Gate 5 — Coherence & Commit
Gate 5 is the final gate. It performs a full coherence check across everything produced by Gates 0–4, synthesises the design into a unified state, and — with your confirmation — commits it permanently to the Purple8 Graph.
What Gate 5 does
- Coherence check — verifies that all five previous gate outputs are consistent with each other:
- Brief (Gate 0) ↔ Programme (Gate 2): every brief requirement has a space that addresses it
- Site (Gate 1) ↔ Option (Gate 3): the selected option is compatible with site constraints
- Programme (Gate 2) ↔ QCRT (Gate 4): no programme items were removed or changed in Gate 4 without re-evaluating the programme
- QCRT (Gate 4) ↔ Option (Gate 3): all critical findings have been resolved
- Produces the Design Summary — a single document summarising the complete concept design
- Generates graph nodes — creates or updates all Space, Zone, Level, Site, Requirement, and Cost Item nodes in the Purple8 Graph
- Awaits your confirmation — the commit is never automatic
The Coherence Report
The coherence check flags any inconsistencies found across the gates:
| Type | Example |
|---|---|
| Unresolved brief gap | "Client requested rooftop amenity space — no space in programme" |
| Programme vs. option mismatch | "Programme has 200m² nursery; selected option has no ground floor provision" |
| Site constraint violation | "Option massing is 8 storeys; site is in a 6-storey max height zone" |
| QCRT open critical | "Travel distance critical finding was marked 'accept' without documented resolution" |
Each flag must be either resolved (make a change) or accepted with documented rationale before committing.
The Design Summary
The Gate 5 Design Summary is a concise record of the concept design:
- Project overview — brief summary, project type, location
- Site — area, key constraints, orientation strategy
- Programme — total GIA, NIA, unit count, mix summary, efficiency ratio
- Design concept — the selected option name and its spatial strategy (2–3 paragraphs)

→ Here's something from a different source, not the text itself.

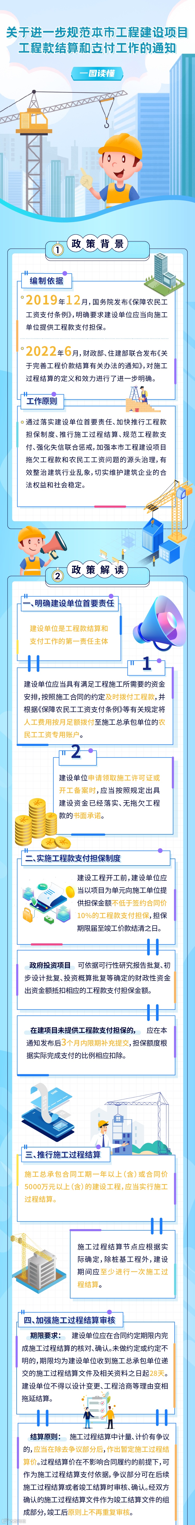 为有效整治建筑行业乱象,加强本市工程建设项目拖欠工程款和农民工工资问题的源头治理,切实维护建筑企业的合法权益和社会稳定,市住房城乡建设管理委会同人民银行上海分行、上海银保监局、市人社局、市交通委、市水务局、市绿化市容局等部门出台了《关于进一步规范本市工程建设项目工程款结算和支付工作的通知》,自2023年1月1日起在全市施行。具体内容,详见一图读懂。

- Key design decisions — bullet list of the 5–10 most important design choices and their rationale
- QCRT summary — pass/fail counts per lens, open risks
- Next steps — recommended actions for RIBA Stage 2
This summary is saved as a PDF and as a structured node in the project graph. It can be shared directly with clients or included in a Stage 1 report.
Committing to the graph
Once you are satisfied with the coherence check and have reviewed the Design Summary:
- Click Commit Design to Graph
- Add a commit message: "Stage 1 concept design — approved by team 04 Apr 2026"
- Confirm
The commit writes all nodes and relationships to the Purple8 Graph. The design process is marked Complete.
Commits are permanent
A Gate 5 commit cannot be undone — it creates a permanent versioned snapshot. The graph state before the commit is preserved in history, so you can always view what existed before. But the committed design becomes the new project baseline.
After committing
Your project now has a full concept design in the graph. Recommended next steps:
- Refine with the LAD Engine — iterate on specific parts of the layout
- Run Phase 8 Algorithms — daylight, thermal, structural sizing, fire egress
- Upload the result to DocIntel — if you have an IFC export from your BIM tool
- Advance the RIBA Journey — move from Stage 1 to Stage 2
- Share the Design Summary — with the client or the wider project team
The 6-Gate Design Process can be re-triggered at any point on any part of the scheme — for example, to design the ground floor in more detail, or to explore an alternative option for a specific element.